LPX (short for low profile extension) was a loosely defined motherboard format (form factor) widely used from the late 1980s to the late 1990s. The format was originally developed by Western Digital who based their design off the IBM PS/2 Model 30. A defining feature of motherboards with the LPX form factor is the integration of controllers and ports, which used to be separate add-ons on the earlier AT and Baby AT motherboards, as well as riser cards and slimline power supplies. The use of a riser card to horizontally position expansion cards allowed computer cases designed around LPX motherboards to be much smaller than earlier AT-based cases.

==Overview==
There was never any official LPX specification, but the design usually featured a 13 × 9 in motherboard with the main I/O ports mounted along the back edge (something that was later adopted by the ATX form factor), and a riser card in the center of the motherboard, on which the PCI and ISA slots were mounted. This layout was first used on IBM's PS/2 Model 30 personal computer, which Western Digital used as the basis for the creation of LPX. Western Digital's reference design was released as the WD30-WDM, unveiled in late 1987 and sold starting in spring 1988. A clone of the PS/2 Model 30's motherboard, it contains integrated parallel and serial controllers and ports, floppy and hard disk controllers, a VGA controller, and a three-slot 8-bit ISA riser card.

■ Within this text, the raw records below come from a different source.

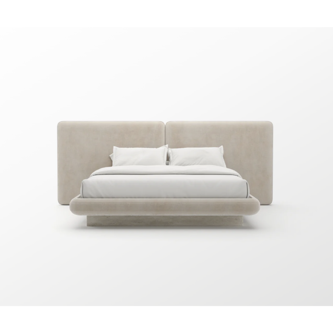 Elevate your bedroom experience with the Overlap 2 Panel Upholstered King Bed in Ivory. Meticulously upholstered with Whisper of Gold accents and grounded by an unfilled Travertine stone base, this bed in ivory vintage velvet is an alluring sanctuary designed for serene sleep and waking to elegance.
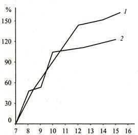 Рис. 10.1. Развитие умственной работоспособности с возрастом: 1 - скорость работы; 2 - точность работы. За начало работы приняты показатели работоспособности семилетних детей
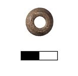 | Description: | Circular bone bead. Chipped at one rim. Covered in concretions. Large hole in the center. Biconical profile with flat collar at top and bottom. Yellow ivory color. | |
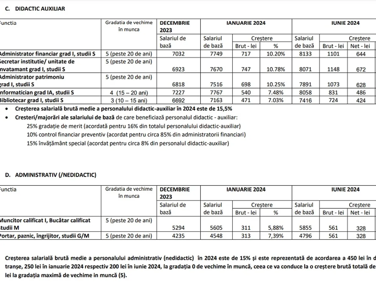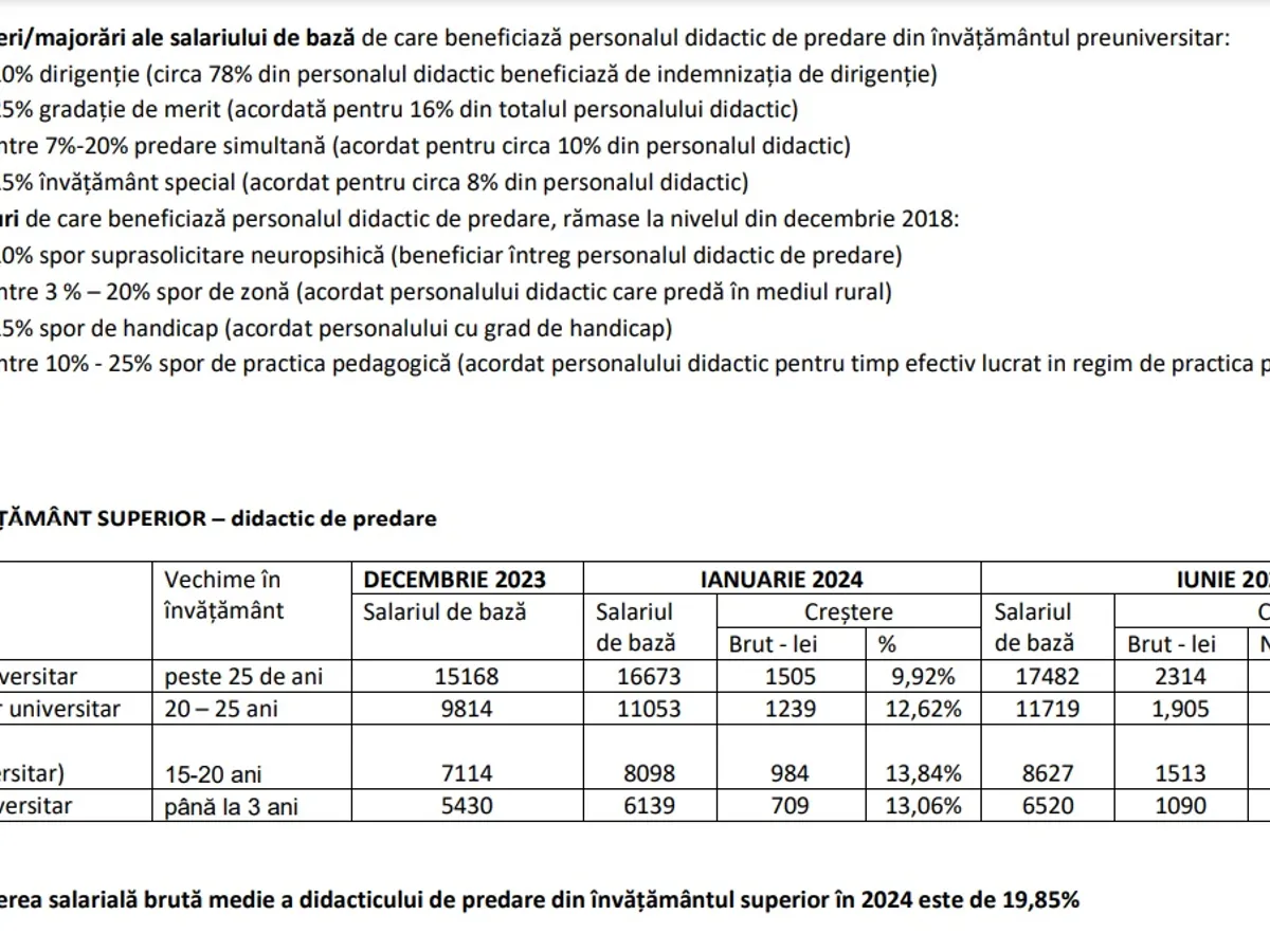 Potrivit acestuia, cele mai mari creșteri sunt pentru funcțiile administrative, atât în mediul academic (19% pentru rectori), cât și în cel preuniversitar (26-28% pentru inspectori și aproape 30% pentru directorii de școli).
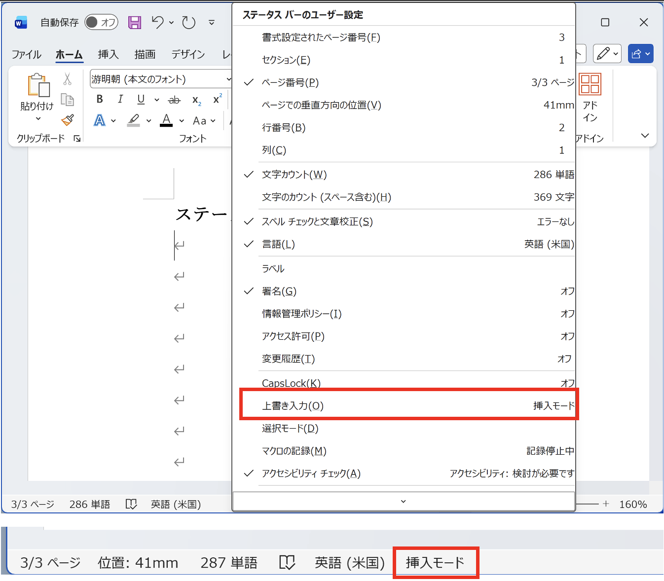 ワードの上書きモードを解除する方法2【ステータスバーから操作する】

Due to the lack of standardized specification, riser cards were rarely compatible from one motherboard design to another, much less one manufacturer to another. The internal PSU connector was of the same type used in the AT form factor.

One of the more successful features to come out of the LPX specification was its use of relatively compact power supplies, which later became widely used on Baby AT and even full size AT cases. Since LPX form factor power supplies became ubiquitous in most computer cases prior to the ATX standard, it was not unusual for manufacturers to refer to them as "AT" power supplies (or occasionally as "PS/2" power supplies due to its use by the IBM PS/2), even though the actual AT and Baby AT power supply form factors were larger in size. The LPX form factor power supply eventually formed the basis for the ATX form factor power supply, which is the same width and height.

The specification was popular in the early-mid 1990s, and briefly displaced the AT form factor as the most commonly used. However, the release of the Pentium II in 1997 highlighted the flaws of the format, as a good airflow was important in Pentium II systems, owing to the relatively high heat dispersal requirements of the processor. LPX systems suffered a restricted airflow due to the centrally placed riser cards. The introduction of the AGP format further complicated matters, as the design not only increased the pin count on riser cards, but it limited most cards to one AGP, one PCI and one ISA slot, which was too restrictive for most users. Some lower-quality LPX boards did not even feature a real AGP slot, but simply used a physical AGP slot and connected it to the PCI bus. This was rarely noticed however, as many "AGP" graphics cards of the time were in fact PCI cards internally, and did not take advantage of the features offered by AGP.

LPX was phased out around 1998. NLX was the intended successor, though many manufacturers chose MicroATX or proprietary motherboard formats instead.